I roll my eyes, but I can feel the heat creeping up my neck anyway. “It’s called acting, Sawyer. You should try it sometime instead of just standing in the back row making jazz hands.”
“Hey, my jazz hands are iconic. And don’t deflect.” He waggles his eyebrows. “Admit it. There’s a spark. Tiny. Flickery. But there.”
“There’s nothing. You know how Kai feels about me” I say, too fast. Too defensive. Michael’s grin widens as if he’s caught me red-handed.
“Uh-huh. Sure. That’s why you stared at him for a solid three seconds after you kissed his cheek. Because you feel nothing.”
I open my mouth to argue, then close it. Because yeah. I did stare. Just for a beat. Long enough to notice the way his jaw tightened, the faint flush under his makeup, the way his eyes flicked to mine as though he was daring me to push it further.
I shove the thought down hard.
“It’s the job,” I repeat, quieter this time. “Harry wants viral. We give viral.”
Michael studies me for a second, grin softening into something more real. “I know. And you’re good at it. Too good, maybe.” He bumps my shoulder again, gentler. “But if it starts feeling less like a job and more like… I don’t know, something else? You can talk to me. No jokes. Promise.”
I glance at him. Michael’s the only one in the band who can say shit like that without it sounding like a Hallmark card.

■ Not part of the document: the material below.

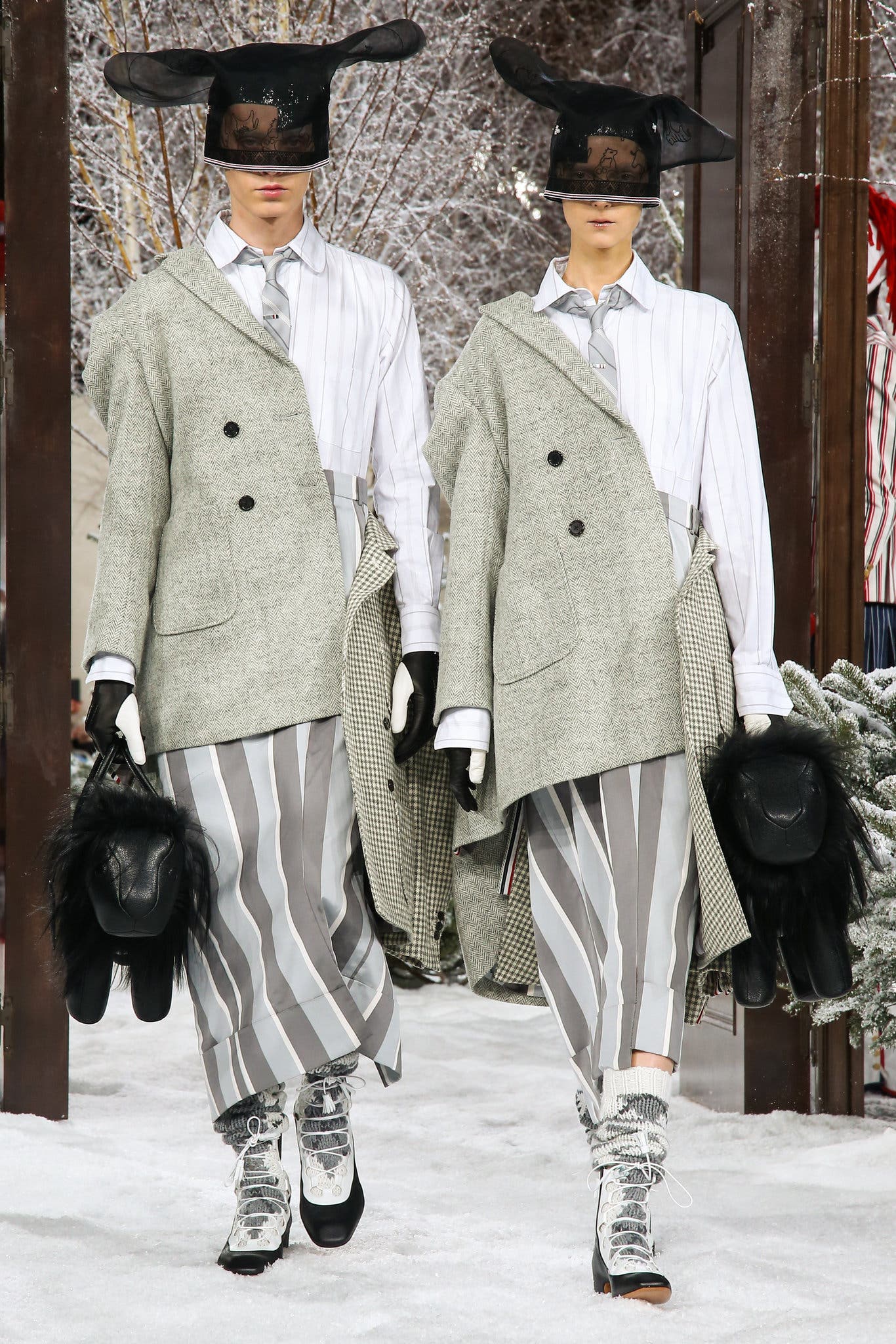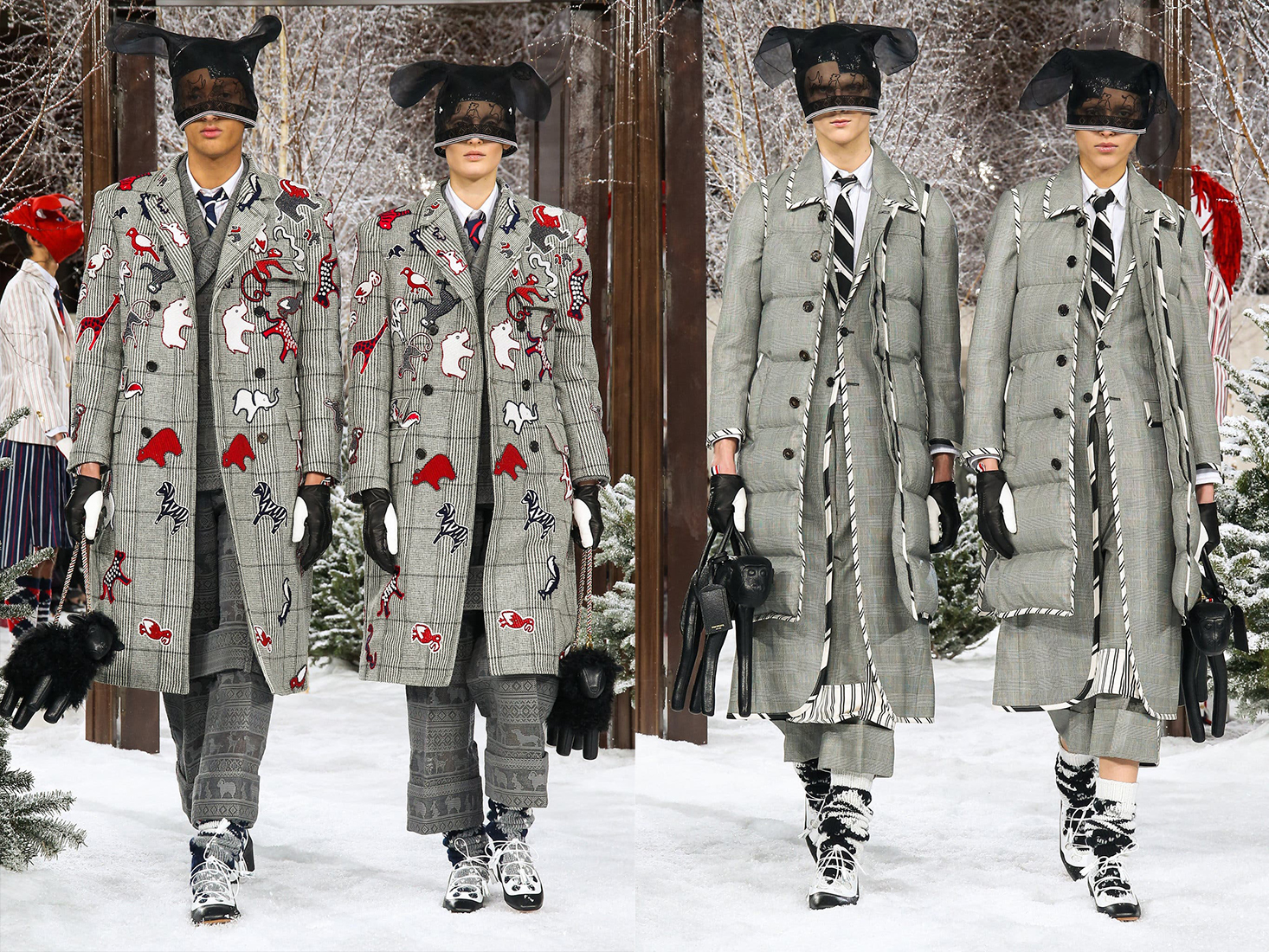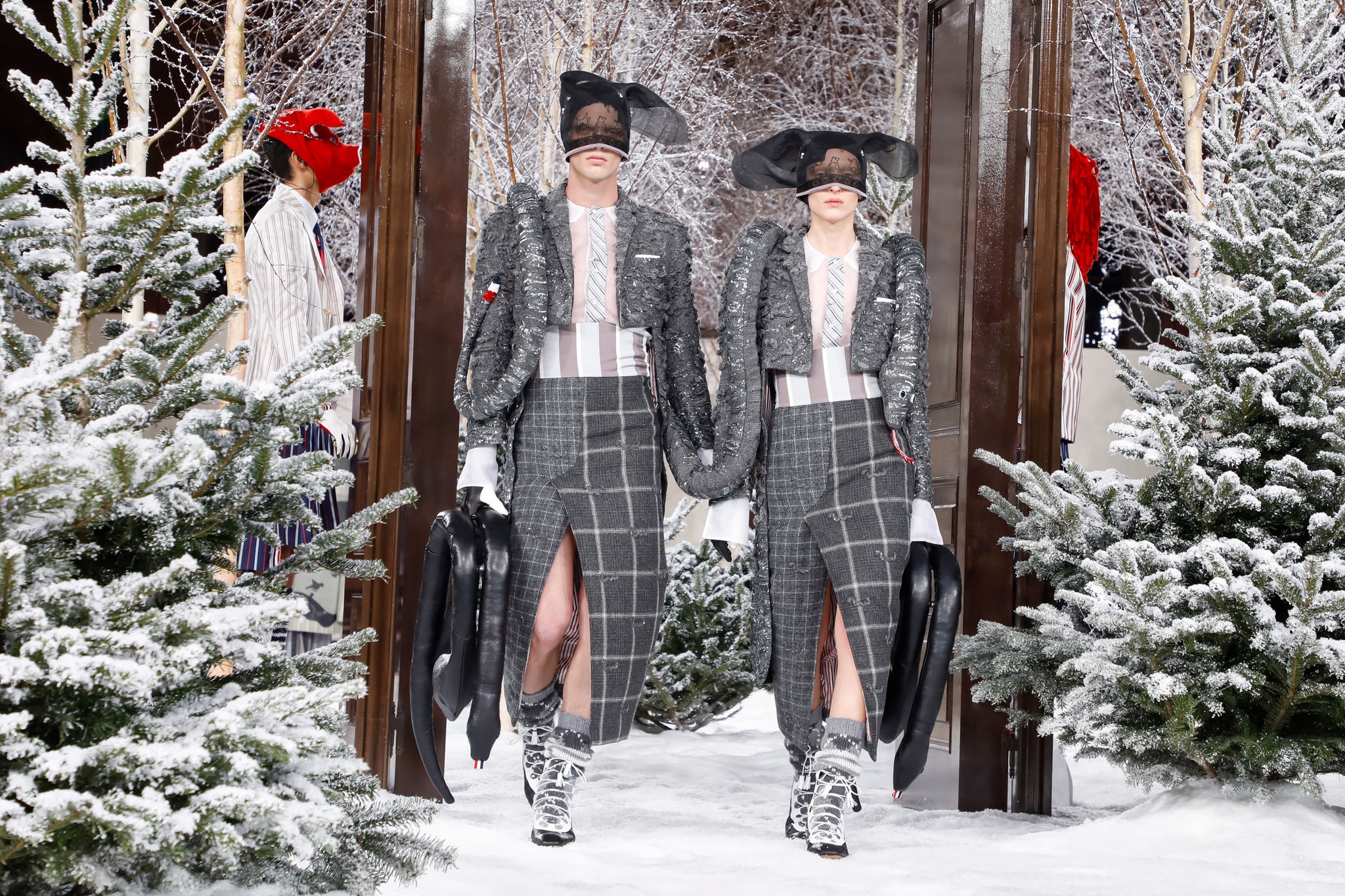 Dizajnér Tom Browne usadil divákov z upršaného Paríža do zasneženej krajinnej scenérie. Apokalypsa na parížskom fashion weeku bola jasne citeľná. Odrazila sa tak v značke Balenciaga ako aj u Toma Browne, ktorého lightmotívom zimnej kolekcie 2020-21 sa stala téma Noemova Archa. Toto všetko je reflexiou na pálčivé aktuálne problémy, ktoré kvária svet ako je globálne oteplovanie, znečistenie planéty, stále častejšie prírodné katastrofy a aktuálne vyčínajúci Corona vírus.

He’s been the glue since day one—cracking jokes when rehearsals get tense, pulling all-nighters with Min-ho to fix choreo, checking in on Kai when he thinks no one’s watching.
He’s never once made me feel like the rich kid tagalong.
“Yeah,” I say. “I know.”
He nods once, satisfied. Then the grin’s back. “Cool. Now get your ass in gear. Tasha’s got the SUV waiting, and I’m not riding back to the hotel without my wingman. You staying at your folks’ place tonight?”
“Yeah. Dad’s got some barbecue thing tomorrow. Mom’s already texting me pics of the grill and pool like I might forget where the house is.”
“Fancy. Tell Dax I said hi. And ask him if he still has that signed Les Paul he owes me.”
I laugh. “Dream on.”
Michael grabs his bag, slings it higher. “Come on. Walk with me. I need to hear all about how Kai’s eyeliner game tonight almost made you forget your own name.”
“Fuck off,” I say, but I’m already falling into step beside him, shoulder to shoulder, the way we’ve done after a hundred shows.
He keeps teasing the whole way to the SUV—Kuca edits, fan theories, how Kai’s “brooding stare” is apparently “foreplay in slow motion.” I fire back with my own shit: his terrible post-show dance moves, the way he once tripped over his own mic cable mid-joke when it fell out of his holder.
We’re both laughing by the time we reach the others, the knot in my chest loosening just enough to breathe.
Michael’s good like that. He doesn’t let me stay in my head too long.
And tonight, I need that more than I want to admit.
Because even as I climb into the SUV, even as I text my mom On my way home, my mind keeps drifting back to one thing.
Kai’s eyes under those lights.
Dark. Sharp. Perfect. And the way, for one stupid second, I didn’t want to walk away. I shove it down again.
It’s nothing. Just the job. Just the show.